THE TASK: Reproduce exactly the lines below, starting at the line that contains "10 веток кустовых" and ending with the last line of the records, both included; leave out any pictures.

TASK MATERIAL:

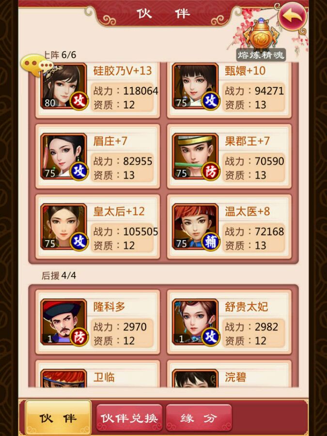 我有点动摇了想放弃果郡王了,13的资质可是属性一点也不好,攻低防低暴击低,那个晕几乎就是鸡肋啊,还不如同配置的资质12的卡,换成太妃好不好?可惜还要重新培养,哎
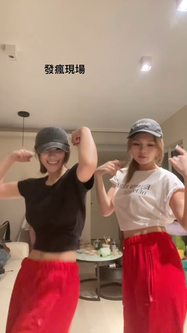 兩位女神看音樂節似乎意猶未盡,隔日又相約在家中繼續玩樂,平時少有公開跳舞的Juliana與Michelle更合體大跳熱舞,Juliana在社交平台上載短片寫道:「發瘋現場」,非常搞笑!片中見二人雖然以休閒運動裝上陣,不過二人傲人身材及小蠻腰依然非常搶Fo!隨即她們跟隨音樂興奮起舞,左扭右扭又大跳性感扭臀舞,迷人曲線盡現,也看得出她們跳得非常盡興開心!
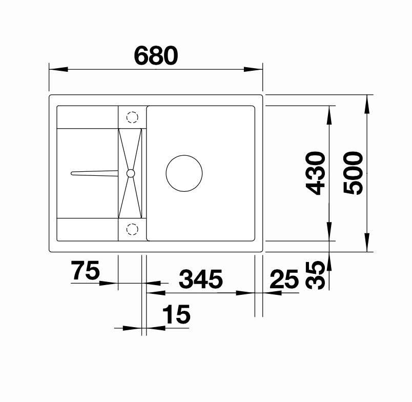 • Evier : 680 x 500 mm
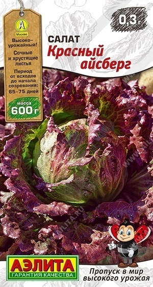 Потрясающий сорт айсберг салата, который очень популярен благодаря красивому виду и сочному, хрустящему вкусу. Позднего срока созревания, формирует урожай за 65-75 дней от посева. Кочаны массой до 600 г, внутри светло-зеленые, наружные листья тёмно-красные. Сорт рекомендуется для свежего потребления в составе салатов, холодных закусок и бутербродов. Урожайность – 6-6,5 кг/м2.
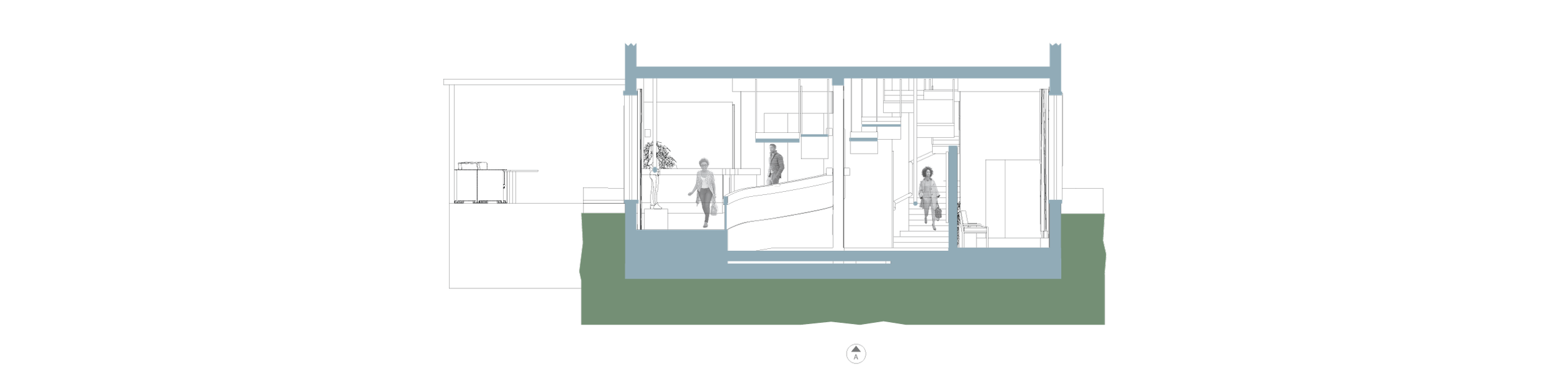 Nature’s influence is present in many aspects of life, whether it’s obvious or not, because nature is full of paths, both physically and visually, creating a sense of directionality, guidance, and even hierarchy. This feeling of warmth and relaxation is also a part of how nature guides people on an emotional level. That is the goal of this space: to provide a calm, warm feeling boosted by the comfort in a natural flow. This feeling would be supported by the nature-like features inhabiting the space, such as the color scheme.
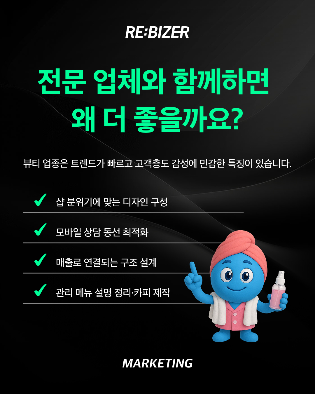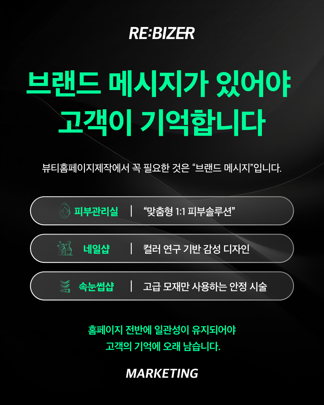 뷰티샵은 감성, 분위기, 서비스 신뢰가 전부예요.
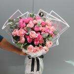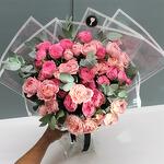 10 веток кустовых роз розового и тёмно-розового цвета, завернутых в прозрачную бумагу.
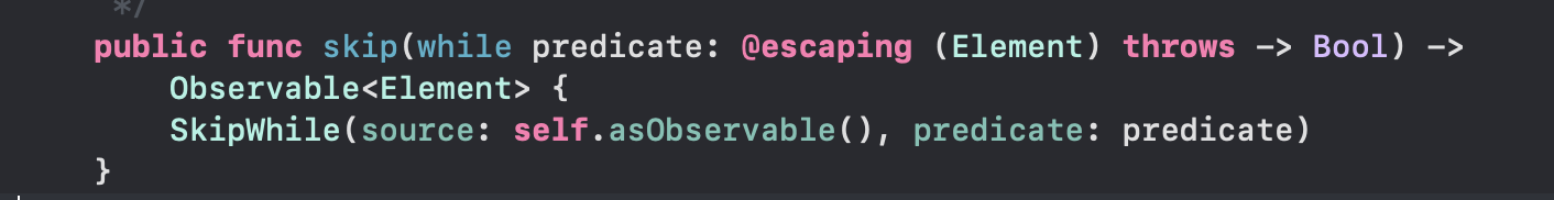 이전에 skipWhile로 쓰던 Operator가 deprecated 되면서 skip(while:) 형식으로 사용해야 합니다!

EXPECTED OUTPUT:
 10 веток кустовых роз розового и тёмно-розового цвета, завернутых в прозрачную бумагу.
 이전에 skipWhile로 쓰던 Operator가 deprecated 되면서 skip(while:) 형식으로 사용해야 합니다!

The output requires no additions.